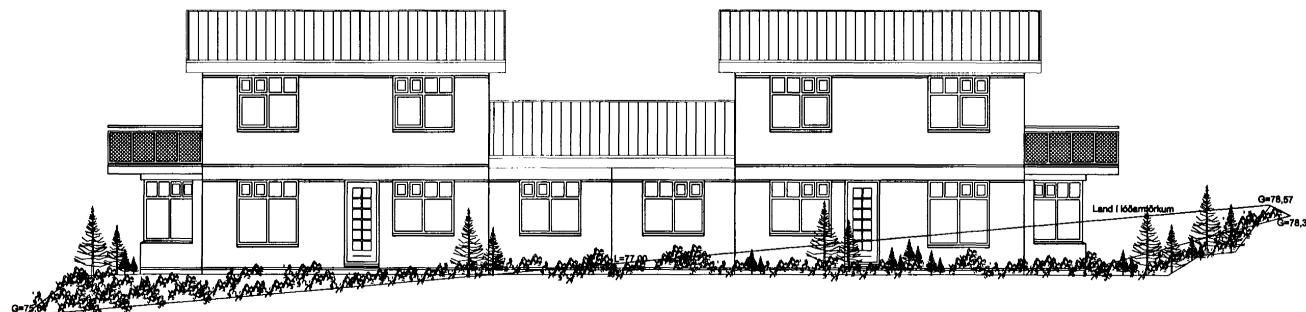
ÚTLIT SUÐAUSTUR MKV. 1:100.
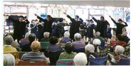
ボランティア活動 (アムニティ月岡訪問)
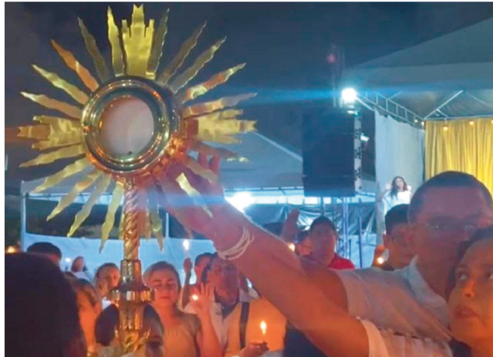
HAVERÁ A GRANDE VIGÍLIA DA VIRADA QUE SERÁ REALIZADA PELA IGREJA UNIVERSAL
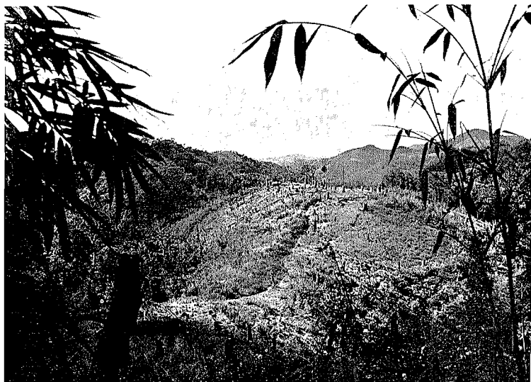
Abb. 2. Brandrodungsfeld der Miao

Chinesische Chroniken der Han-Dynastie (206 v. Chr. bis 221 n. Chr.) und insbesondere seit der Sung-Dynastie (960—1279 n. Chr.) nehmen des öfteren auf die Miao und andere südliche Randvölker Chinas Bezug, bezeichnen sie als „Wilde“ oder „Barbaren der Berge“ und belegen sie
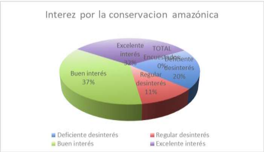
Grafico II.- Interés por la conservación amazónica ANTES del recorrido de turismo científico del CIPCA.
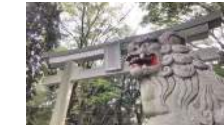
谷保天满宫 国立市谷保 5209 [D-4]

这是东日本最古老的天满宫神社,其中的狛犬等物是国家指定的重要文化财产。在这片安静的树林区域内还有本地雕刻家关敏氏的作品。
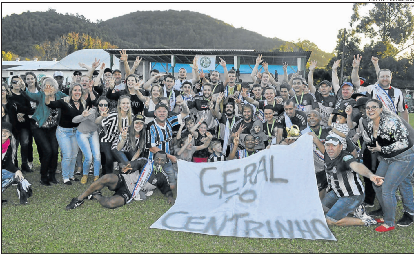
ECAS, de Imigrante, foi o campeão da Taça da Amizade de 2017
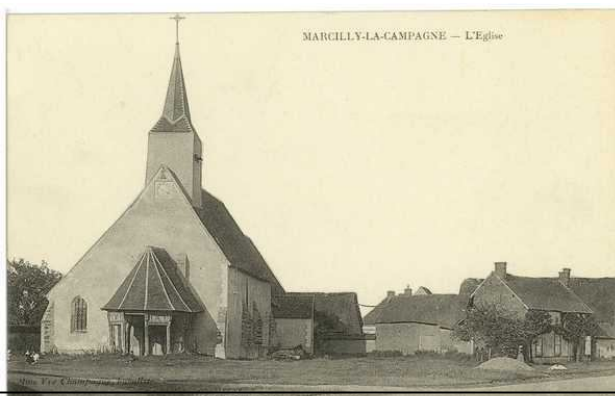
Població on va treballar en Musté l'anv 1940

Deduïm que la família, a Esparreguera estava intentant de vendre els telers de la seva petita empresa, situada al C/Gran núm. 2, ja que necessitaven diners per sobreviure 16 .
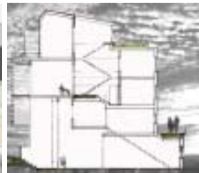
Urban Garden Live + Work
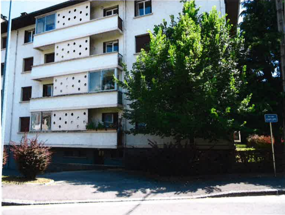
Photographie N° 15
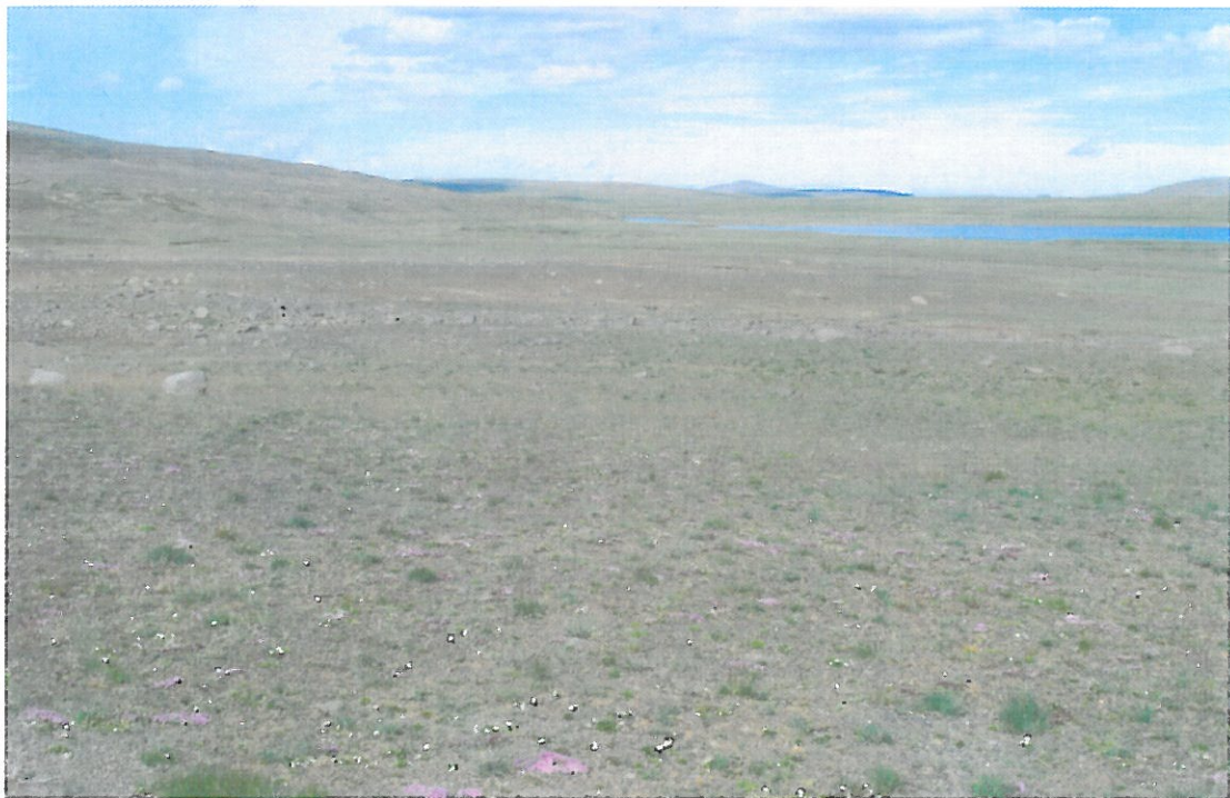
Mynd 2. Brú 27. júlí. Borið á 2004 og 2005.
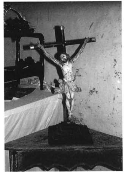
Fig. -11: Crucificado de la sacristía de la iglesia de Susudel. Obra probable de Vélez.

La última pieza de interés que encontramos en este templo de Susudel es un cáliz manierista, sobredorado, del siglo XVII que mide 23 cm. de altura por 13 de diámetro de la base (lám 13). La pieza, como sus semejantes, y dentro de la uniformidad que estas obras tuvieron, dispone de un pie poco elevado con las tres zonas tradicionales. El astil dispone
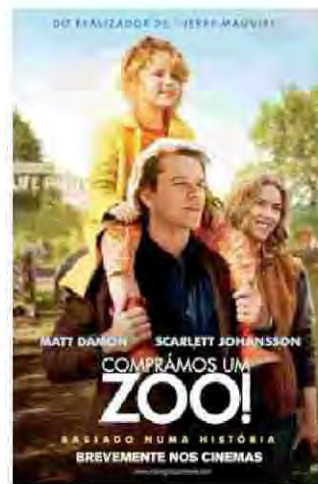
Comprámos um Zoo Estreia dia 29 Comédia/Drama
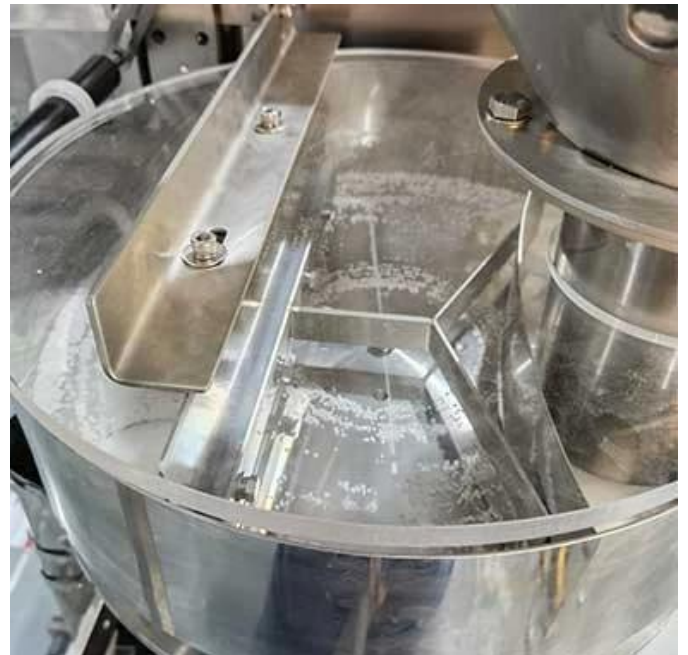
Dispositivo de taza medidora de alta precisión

_ _ _ _ _ _ _

GOAL OF THE EXERCISE >> The stretch above running from the line with "这是东日本最古老的天满宫神社" through the line with "Població on va treballar en Musté l'anv 1940" is all you should copy, exactly, leaving out the pictures.

YOUR RESPONSE >>
这是东日本最古老的天满宫神社,其中的狛犬等物是国家指定的重要文化财产。在这片安静的树林区域内还有本地雕刻家关敏氏的作品。
ECAS, de Imigrante, foi o campeão da Taça da Amizade de 2017
Població on va treballar en Musté l'anv 1940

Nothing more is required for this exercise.